NQ Mobile's management is framing this argument around whether or not the cash on their balance sheet exists, and I am confident it exists because qualified auditors such as PricewaterhouseCooper have learned their lessons from the Longtop Financial Technologies debacle.
The key point in all of this is, unlike Longtop Financial Technologies, NQ Mobile may control its revenue through payment processors, and therefore, unless NQ Mobile's users are validated through an audit of Yidatong, the only value an investor in NQ Mobile can trust is the cash on its balance sheet (less the $166 million it owes its bondholders). Because as far as its financial statements are concerned, NQ Mobile's revenue source looks as likely to be from a Los Pollos Hermanos fast food chain in New Mexico as it does from a software company in China.
Clearly the financial statements say the number of users is exaggerated, as do independent third-parties such as Alexa, the web traffic statistics company, which shows that 20% of all visitors to NQ.com go to the investor relations page, making it the most visited page on NQ Mobile's website other than its homepage. None of this is normal for a company that supposedly has hundreds of millions of users and is growing like gangbusters.
I wish it wasn't true, but the fact remains: nothing makes sense about NQ Mobile. Until it does, it is my belief that NQ Mobile is a resignation away, whether it is an executive or an auditor, from being halted.

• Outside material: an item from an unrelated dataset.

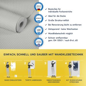 Der Untergrund muss eben, glatt und frei von Fett und Trennmitteln sein und darf nicht saugfähig sein. Vor dem Aufkleben der Fototapete muss der Untergrund und die Qualität des Druckes geprüft werden.

(I do wonder whether PriceWaterhouseCooper was already suspicious of NQ Mobile's financials in light of the fact that in 2012 they had the highest auditor costs of any software company in China that I've studied. Given the strong correlation between auditing costs and revenue, it is unusual that NQ Mobile has higher auditing costs even than Baidu, a company nearly 40 times its size.)
Note: Special thanks to John Hempton of Bronte Capital, whose blog posts on the lessons of Longtop Financial Technologies, a Chinese company that was delisted by the SEC in June of 2011, taught me a lot about this subject and ultimately prevented me from making the costly mistake of going long in Mobile. I hope I can be of some service to others as he was to me.
Disclosure: I was long NQ at one point, but am now short after doing more due diligence. I wrote this article myself, and it expresses my own opinions. I am not receiving compensation for it. I have no business relationship with any company whose stock is mentioned in this article.